Ask HN: Why netflix doesn't have playlists? - jturolla
Ask HN: Why netflix doesn&#x27;t have playlists as channels were in the past?
======
kolev
Bigger issues for me are:

* Why queues are limited to just 500 items?

* Why I can't slice a queue by facets (genre, year, rating, stars, etc.)?

* Why I can't control the queues of my children (I really want them to stay away from the brain-washing Disney stuff, for example)?

* Why main account's viewing activity includes sub-accounts, too (in my case, the main account is me and my wife, children have their sub-queues)?

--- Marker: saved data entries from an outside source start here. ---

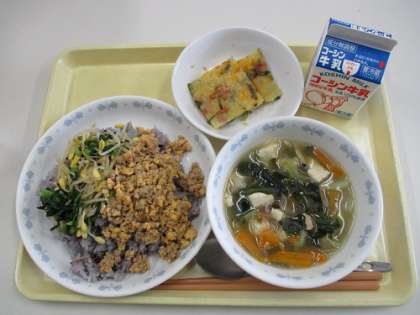 雑穀米のビビンバ もちもちじゃがチヂミ チンゲン菜と春雨のスープ 牛乳
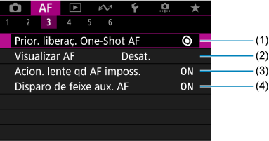 Observe que os menus disponíveis variam de acordo com o modo de disparo.
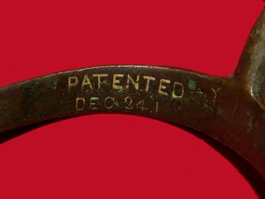 6. Beautiful excavated condition Federal Officer's spur.  This style spur is often referred to as the "Christmas Eve Spur" as it is marked on the interior of the spur, "Patented Dec. 24, 1861".  This example has a pleasant brown/green patina with the rowel made from a large cent.  It was recovered many years ago from an 1863 Federal Cavalry camp just west of Triune, Tennessee.  This is an exceptionally nice example.--$250.SOLD
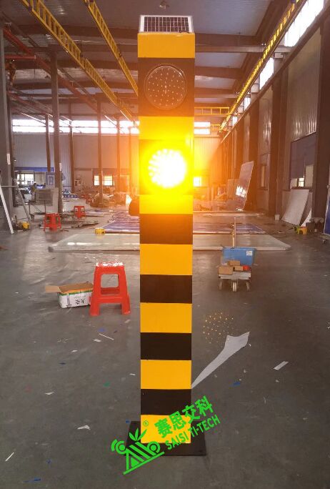 太陽能道口閃光警示柱,采用LED大廣角罩燈分布于柱體正面,根據不同的指示功能需要,在上方設置對應的標志牌,并在圖案輪廓上外嵌LED高亮燈珠,實現夜間、惡劣天氣中的全天候識別效果,整體發光工作能耗不需要接入外部電源,通過自身攜帶的太陽能板來實現電能供應的“自給自足”。從實用主義的角度來看,其主要有以下幾個優點:
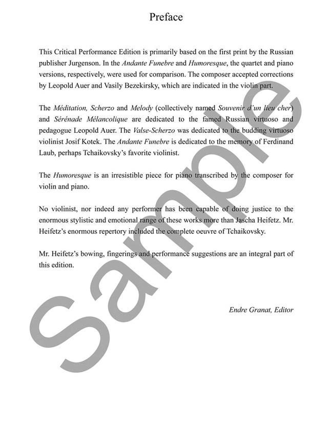 This Critical Performance Edition is primarily based on the first print by the Russian publisher Jurgenson. In the Andante Funebre and Humoresque, the quartet and piano versions, respectively, were used for comparison. The composer accepted corrections by Leopold Auer and Vassily Bezekirsky, which are indicated in the violin part. The Meditation, Scherzo and Melodie (collectively named Souvenir d'un lieu cher) and Serenade Melancolique are dedicated to the famed Russian virtuoso and pedagogue Leopold Auer. The Valse Scherzo was dedicated to the budding virtuoso violinist Josif Kotek. The Andante Funebre is dedicated to the memory of Ferdinand Laub, perhaps Tchaikovsky's favorite violinist. The Humoresque is an irresistible piece for piano transcribed by the composer for violin and piano. No violinist, nor indeed any performer has been capable of doing justice to the enormous stylistic and emotional range of these works more than Jascha Heifetz. Mr. Heifetz's enormous repertory included the complete oeuvre of Tchaikovsky. Mr. Heifetz's bowing, fingerings and performance suggestions are an integral part of this edition.

I find less and less value in Netflix. Recently, I buy more stuff on Vudu,
Amazon Instant Videos, and even Google Play. Netflix should rebrand to OldFlix
or KidFlix as the there's very little quality available for streaming. I
really don't get why they didn't implement Amazon's model earlier - offer a
fixed selection for the monthly price and then pay per rental or purchase of
individual titles not available with the subscription. Maybe they have
licensing/contract issues, but if Amazon could do it, they should've done it,
too. I'm not into TV shows, but it seems that they are trying to compensate
with "Netflix Originals", which works for some, but not for me.

------
yzzxy
Probably because the Netflix UI experience has a lot of inertia - there's a
Netflix frontend on every TV or device sold nowadays, I'm guessing a feature
has to be ESSENTIAL if they're going to make new GUIs for every modern set-top
box in the world.